Canada does not have federal endangered species legislation at this time, but Ontario is one of six provinces that have stand-alone Endangered Species Acts (B.T. Fowler, Co-Chair, Lepidopterans and Molluscs Specialist Subcommittee, COSEWIC, pers. comm. August 2002). Ontario’s Act prohibits the willful destruction of, or interference with, a regulated endangered species or its habitat. Five species of freshwater mussels that are currently listed as endangered by COSEWIC are found only in the Province of Ontario; these species are the northern riffleshell (Epioblasma torulosa rangiana), rayed bean (Villosa fabalis), wavy-rayed lampmussel (Lampsilis fasciola), snuffbox (Epioblasma triquetra) and Mudpuppy mussel (Simpsonaias ambigua). Since Ontario has not yet proceeded with regulating any of these species under the Act (A. Dextrase, Species at Risk Section, Ontario Parks, Ontario Ministry of Natural Resources, pers. comm. November 2001), freshwater mussels currently do not benefit from this legislation.

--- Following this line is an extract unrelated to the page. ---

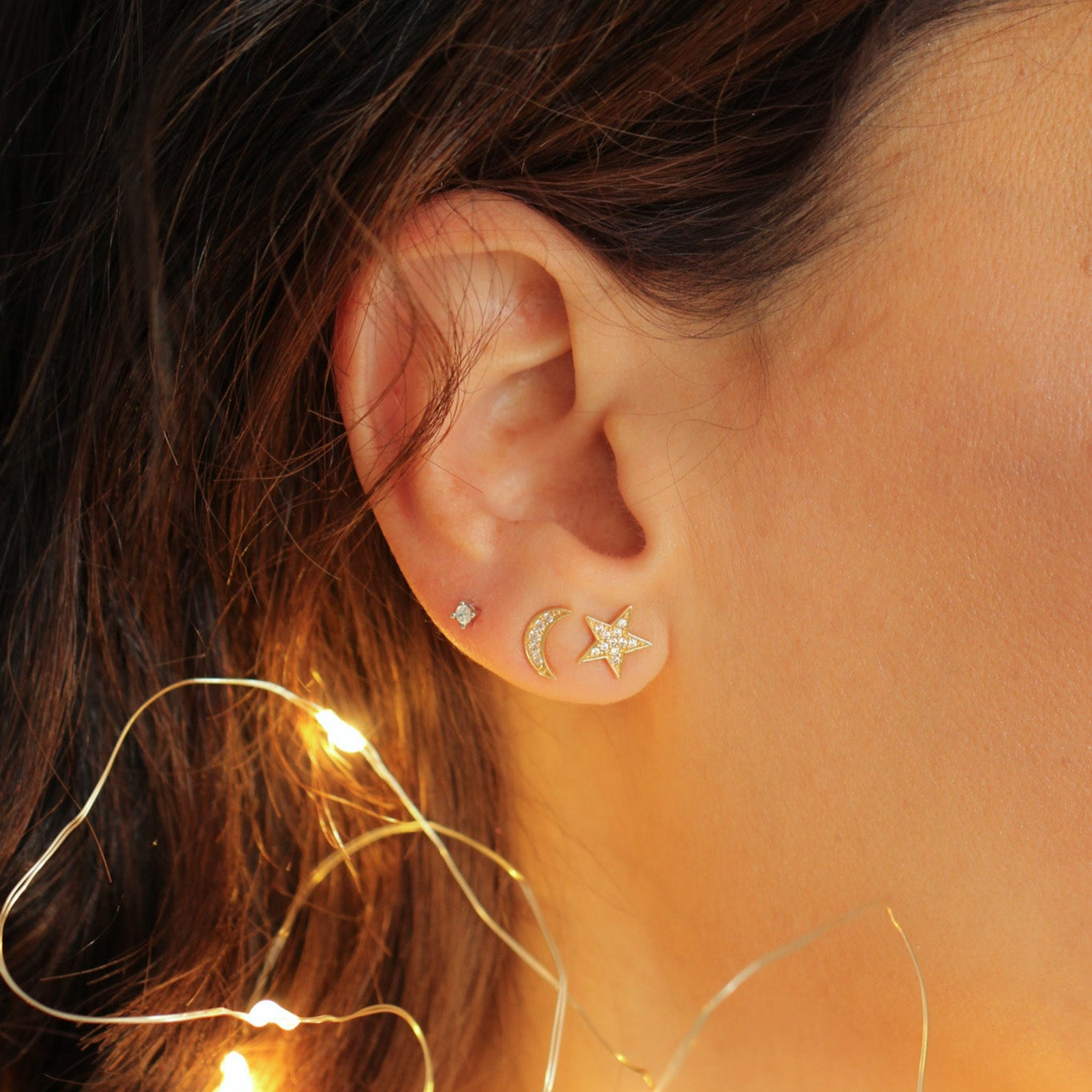 Add a whimsical celestial touch to your ear stack with these 14K solid gold mismatched studs, featuring a sparkling star and crescent moon design accented with cubic zirconia (CZ). Perfect for mixing, matching, and layering, these studs bring a playful yet elegant vibe to any look. Lightweight and versatile, they’re ideal for everyday wear or as a standout statement pair.

The Federal Fisheries Act may represent the most significant legislation protecting freshwater mussels and their habitat in Canada at the present time. Fish are broadly defined under the Act to include shellfish, although the intent was to protect marine shellfish harvested for human consumption. The protection of fish and fish habitat may indirectly protect the habitat of O. subrotunda and other species of freshwater mussels. The collection of live mussels is theoretically “fishing” and would fall under the Ontario Fishery Regulations that are made under the Federal Fisheries Act. No permits have been issued for the collection of live mussels in Ontario (J. Maffei, Lake Erie Management Unit, pers. comm. May 2001). The Provincial Policy Statement under Section 3 of the Planning Act provides for protection from development and site alteration in significant portions of the habitats of threatened and endangered species. Other mechanisms for protecting mussels and their habitat in Ontario include the Ontario Lakes and Streams Improvement Act, which prohibits the impoundment or diversion of a watercourse if it would lead to siltation; and the voluntary Land Stewardship II program of the Ontario Ministry of Agriculture, Food, and Rural Affairs, which is designed to reduce erosion on agricultural lands. Stream-side development in Ontario is managed through flood plain regulations enforced by local Conservation Authorities. In the East Sydenham River, where three live O. subrotunda have been found in recent years, 85% of the land is privately owned and in agricultural use (Staton et al. 2002).
The only significant population of O. subrotunda left in Canada is located in the waters of the St. Clair delta, within the territory of the Walpole Island First Nation. The shoreline consists of natural marshland, and is completely undeveloped. Special permission from the band council is required in order to access the area, so it is largely undisturbed. The Walpole Island First Nation is committed to preserving their natural heritage, and have adopted the following philosophy statement (in part) concerning the environment: “To preserve, enhance and maintain a mutual respect and to continue our beneficial dependency upon the environment, we shall endeavor to co-exist with Mother Nature and protect this relationship” (C. Jacobs, Walpole Island Heritage Centre, pers. comm. Oct. 2001). The Walpole Island Heritage Centre is aware of the presence of O. subrotunda within their territory, and of the national significance of the population.